The nuns save their chattering for Thursdays. The cheese-making process begins with a Wednesday delivery of about 6,000 pounds of milk, which will result in about 600 pounds of cheese. The milk, from a Shenandoah Valley farm, is pasteurized and a culture added to produce curds.

 

* * * * *

As with the chores at the monastery, everyone pitches in to make the Gouda, a soft, mild cheese prepared with a Dutch recipe (and to clean up afterward, which is nearly a weeklong proposition to make sterile the stainless-steel-and-cinderblock industrial kitchen for the next week's batch). The sisters clearly enjoy themselves, though the work is hot and physically demanding, whether it's stirring the heated curds and whey or quickly packing and pressing the cheese in form-shaping hoops during an extremely time-sensitive stage.

 

Asked if the sisters ever utter bad words when things don't go according to plan, Sister Barbara said, "Not out loud."

In 2007, the nuns installed a new pressing machine from Finland. "Quite an invention," Sister Claire said appreciatively on a recent Thursday as she cut the sheetlike curds that came out of the contraption. The machine greatly reduced the strain on the sisters' aging backs and shoulders. Even so, the work is hard; the nuns' strong hands and muscled arms are evidence of that. One joked they didn't need gym memberships.

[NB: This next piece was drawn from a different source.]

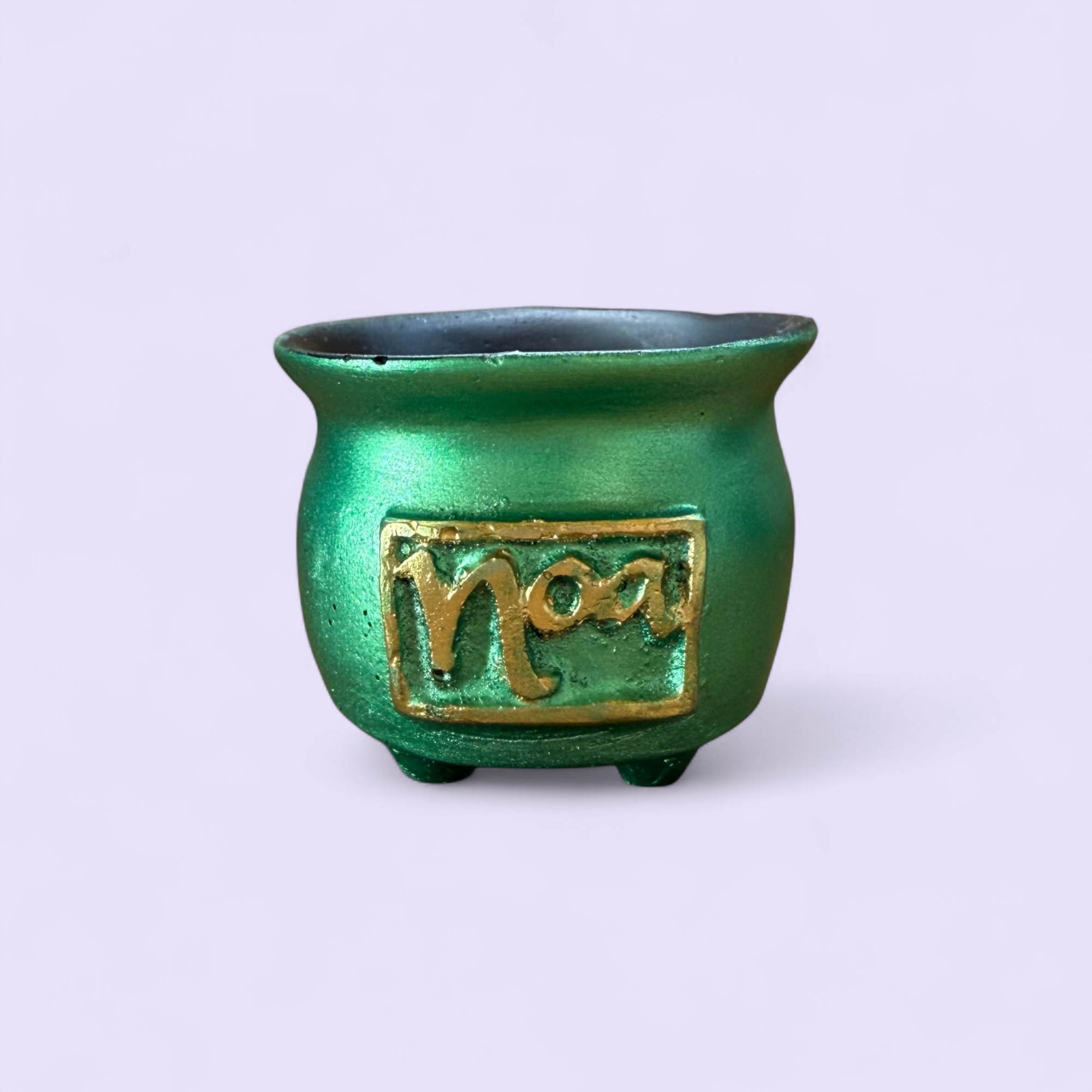 Mini caldeirão / sahumador artesanal feito em resina com pintura perolada, trazendo toda a energia e o mistério do mundo místico para o seu ritual. Seu design funcional permite carregar e espalhar a fumaça da defumação por diversos ambientes, ampliando a purificação e a energia positiva.

After the cheese takes shape and the whey is drained away, the rounds of Gouda float overnight in a cold brine — "saltier than the Dead Sea," said Sister Barbara — and later will be hand-painted with a special rind that preserves the cheese and provides a surface for a protective coating of wax. The cheese is allowed to age, enabling development of a richer flavor, for several weeks to several months.

The nuns sell all of the Monastery Country Cheese they can make — with travel and other responsibilities, they make cheese about 30 times a year — and have no intention of increasing production. The income derived from the cheese is sufficient for their needs, and they don't want their cheese-making to take away from their spiritual pursuits.

The months leading up to Christmas are the busiest for sales. The nuns sell by phone, mail or in person; they haven't advanced to online sales. Visitors are welcome at the monastery every day to worship or pray in the tiny chapel, or to buy cheese. But don't expect a fancy little gift shop. The nuns will welcome you in and then go fetch a 2-pound wheel of Gouda from their refrigerator.

"People always say to me, 'Sister, can you just rub your hand over it or bless it with holy water and all the calories and cholesterol will go away?' " said Sister Barbara. "Afraid not. Moderation, you know."

However, she does tell such questioners that the cheese contains secret ingredients: "Love and prayer."